Эдвард широко раскрывает рот, будучи возмущенным из-за того, что Виктория уверенно обвиняет его в том, что он виноват в конфликте с Наталией.
– Миссис Ричардсон, я не понимаю, вы кого сейчас защищайте: ее или меня? – повышает голос Эдвард. – Эту проститутку, которая никогда не выйдет замуж, или человека, которого эта кобра предала?
– Я никого не защищаю, потому что вы оба не правы. Она тоже виновата в том, что усугубила все и позволила себе сказать много неприятного в твой адрес. А ты запугал ее до смерти и заставил молчать. Она уже лишний раз и боится рот раскрыть, ибо не знает, что ты с ней сделаешь после того, как услышишь хоть одно слово из ее уст.
– О чем вы говорите? – Эдвард резко соскакивает с кровати и поворачивается к Виктории лицом, расставив руки в бока. – Да я никогда даже не думал о том, чтобы запугивать ее! Она сама решила молчать и врать абсолютно всем. Если Рочестер хочет однажды остаться одна и потерять всех тех, кто устанет от ее лживого «со мной все в порядке», то пускай.
– Тогда почему она тебя так боится, что не хочет говорить тебе правду? – слегка нахмурившись, скрещивает руки на груди Виктория. – Если ты так упорно отрицаешь свою причастность к запугиванию!
– Потому что она трусиха.
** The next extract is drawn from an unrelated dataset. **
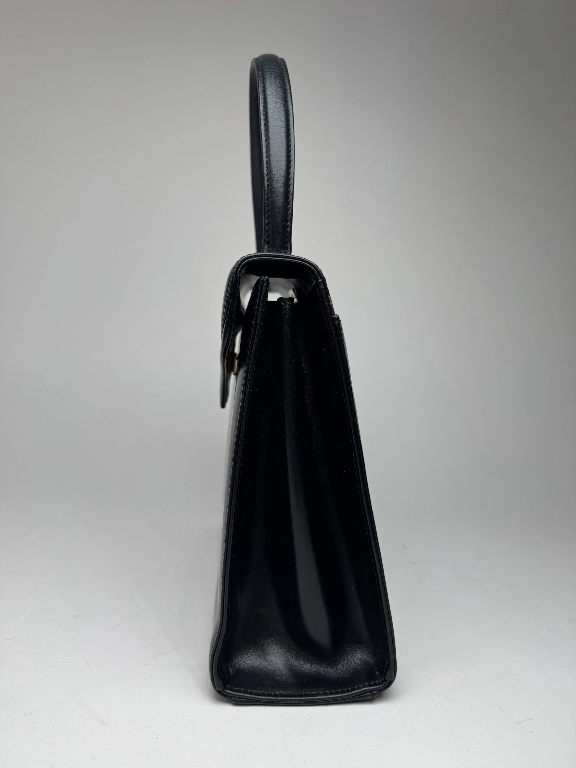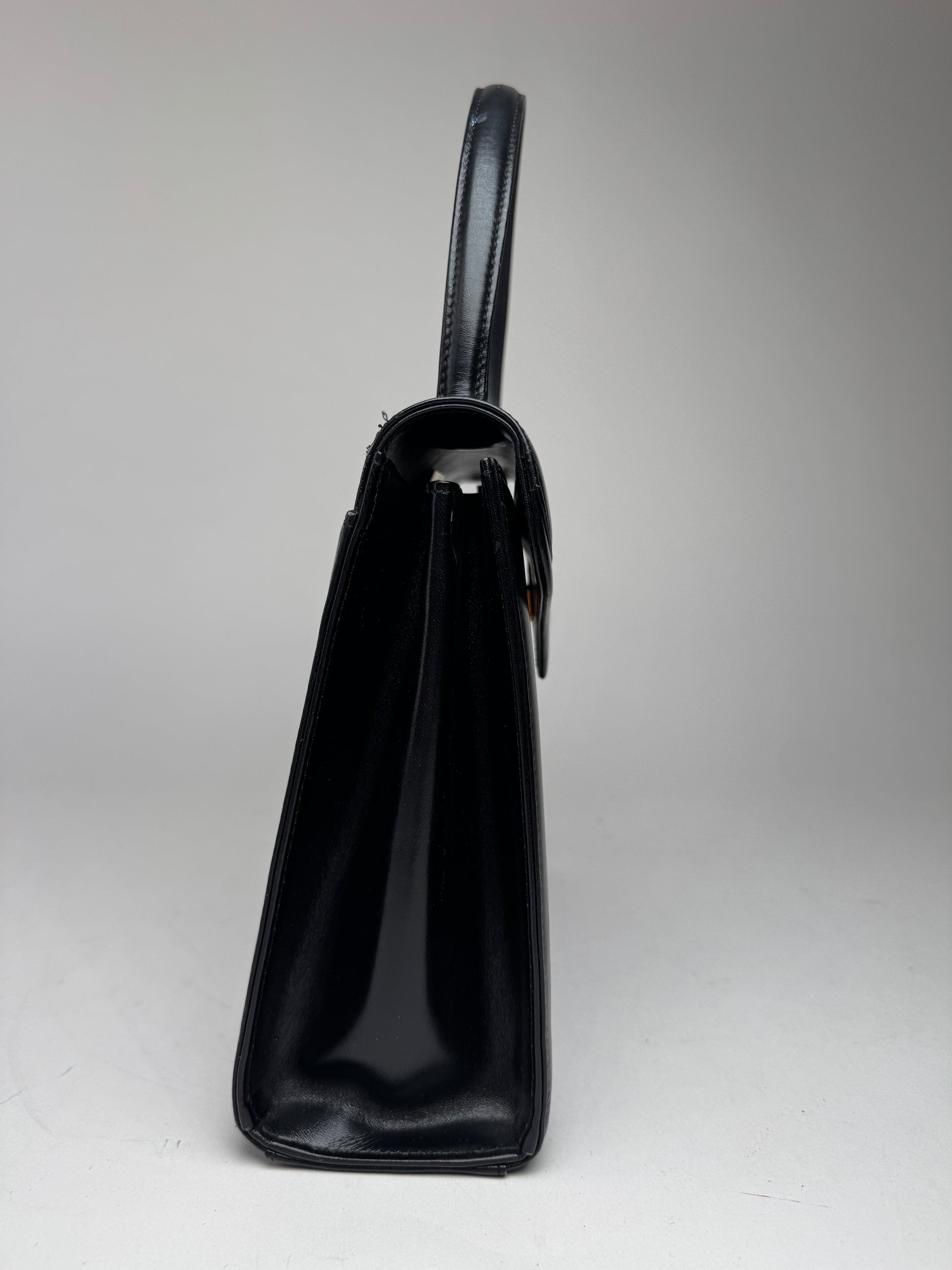 This vintage Givenchy 4G handbag is crafted from sleek black leather, offering a timeless and sophisticated design. It features a short handle and gold-toned steel hardware, adding a refined touch. The bag is secured with a magnetic closure for easy and stylish access.

Лживая трусиха! Не удивлюсь, если с кем-то из своих мужиков она спала за деньги и зарабатывала голыми грудью и задницей.
– А знаешь, Эдвард, я не удивлена, что она молчит. Ведь сейчас ты похож на разъяренного тигра, который может наброситься на кого угодно. Да я бы и сама испугалась с тобой находиться, когда ты готов взять револьвер и убить человека.
– Миссис Ричардсон, я поверить не могу, что вы такое говорите, – быстро качая головой и с ужасом во взгляде смотря на Викторию, приходит в шок Эдвард. – Думайте, мне приятно быть таким? Вовсе нет! Я стал таким из-за Наталии! Это она заставила меня разозлиться так, как я не злился еще никогда в своей жизни. Ей удалось пробудить во мне зверя.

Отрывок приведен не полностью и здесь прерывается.